Daily Gains Letter

Why a Market Correction Is Good for Your Retirement

By for Daily Gains Letter | Jan 9, 2013

















DL_Sasha_5One of the biggest worries when it comes to investor sentiment is the possibility of a market correction. I get asked these questions often: what happens if there is a market correction, and how will this affect my retirement?

A market correction is an extreme decline in investor sentiment. Everything in the world cycles, from the stock market to the weather, as nothing goes upward forever. There will never be a situation in which an investment is 100% immune from a market correction. In life, the only certainties (as the old saying goes) are death and taxes.

However, a market correction can be viewed as a positive over the long term. The reason I say that is that negative shifts in investor sentiment stem from the short-term mindset, while the long-term investor can benefit.

A market correction can be viewed as a shift in wealth away from the short-term investor to the long-term investor. If one takes a look back at a historical chart of the S&P 500 over the past 100 years, you will note that even the scariest times in which the market correction felt brutal, on a long-term chart, it was simply a blip and a great buying opportunity.

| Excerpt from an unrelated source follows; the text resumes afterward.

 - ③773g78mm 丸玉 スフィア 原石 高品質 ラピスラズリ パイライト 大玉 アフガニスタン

The crash in 1987 was one of the most dramatic drops in investor sentiment, yet on a long-term chart, it was an outstanding buying opportunity. Even the most recent market correction in 2008–2009 was a great buying opportunity, as the market has essentially doubled over the last few years.

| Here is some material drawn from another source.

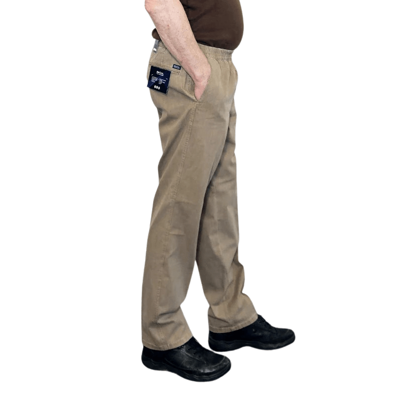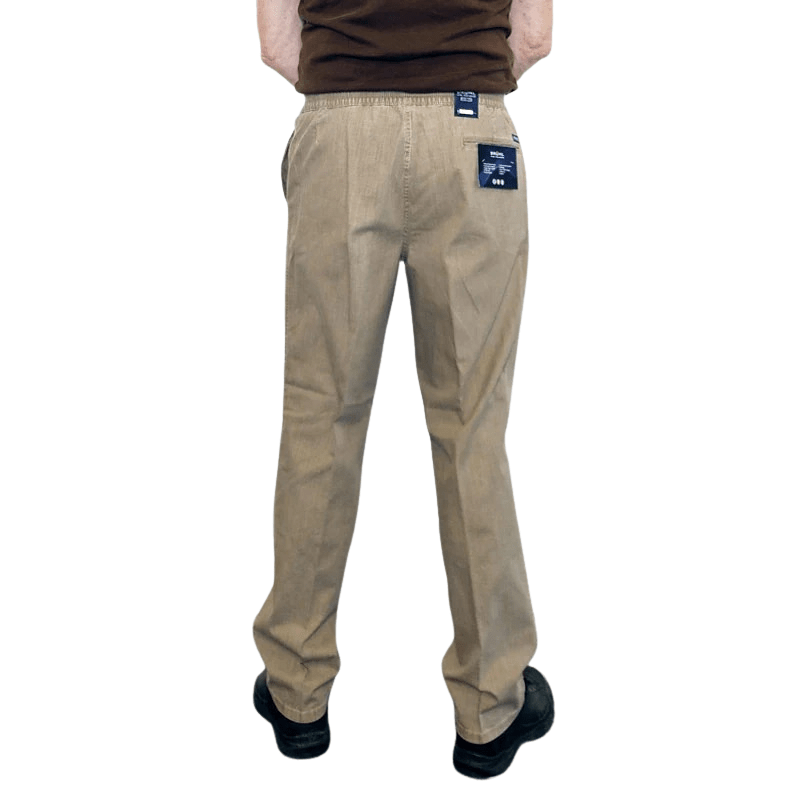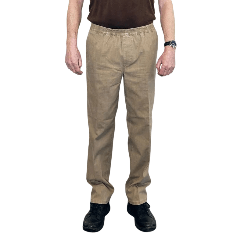 Flotte, klassiske bukser med bred elastikkant i let og slidstærkt bomuld med struktur. Farven er en varm sand, der passer godt til både hverdag og festlige lejligheder. Bukserne har hverken lynlås eller besværlige knapper, så de er nemme at tage af og på.

Instead of being scared of massive drops in investor sentiment, the person with a long-term viewpoint should actively be looking for a market correction to add to a portfolio. If an investor were able to accumulate at times of a large market correction, the total return would far exceed simply buying and holding.

Taking advantage of shifts in investor sentiment is, I believe, the way to increase total portfolio returns. Many buy-and-hold investors complain that during the past 10 years, they’ve made no money. That is true; they haven’t made money by simply buying and holding.

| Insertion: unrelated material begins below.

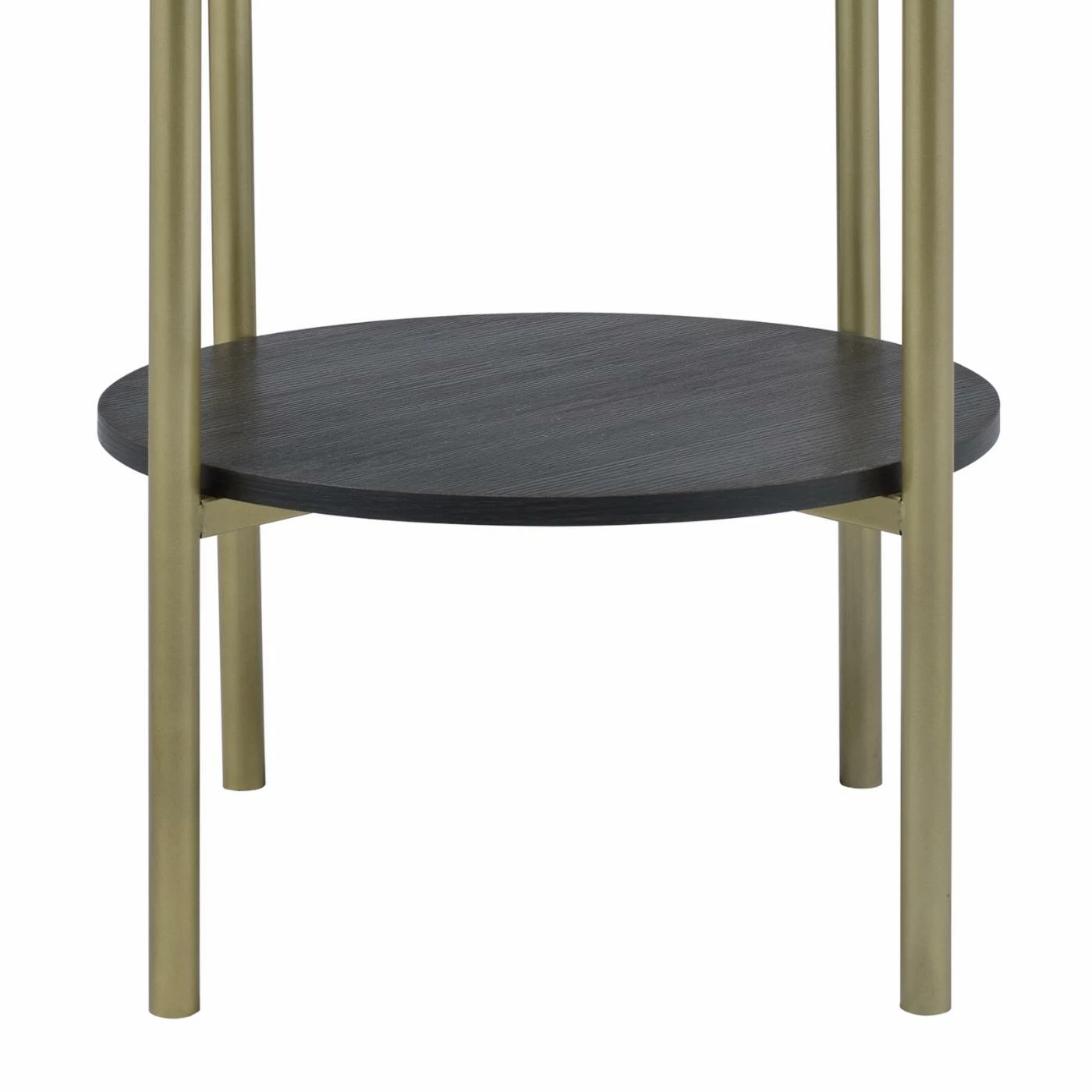 - Gold metal and black wood grain finish

However, during the past decade, the S&P 500 has doubled twice, each time following a serious market correction. From the depths of 2002 to the peak in 2007, the market nearly doubled; and from 2009 to the recent peak in 2012, once again, the market doubled.

Going against the crowd in investor sentiment is difficult, but it’s also crucial. This means taking profits when investor sentiment is too bullish and stepping in to accumulate during a market correction.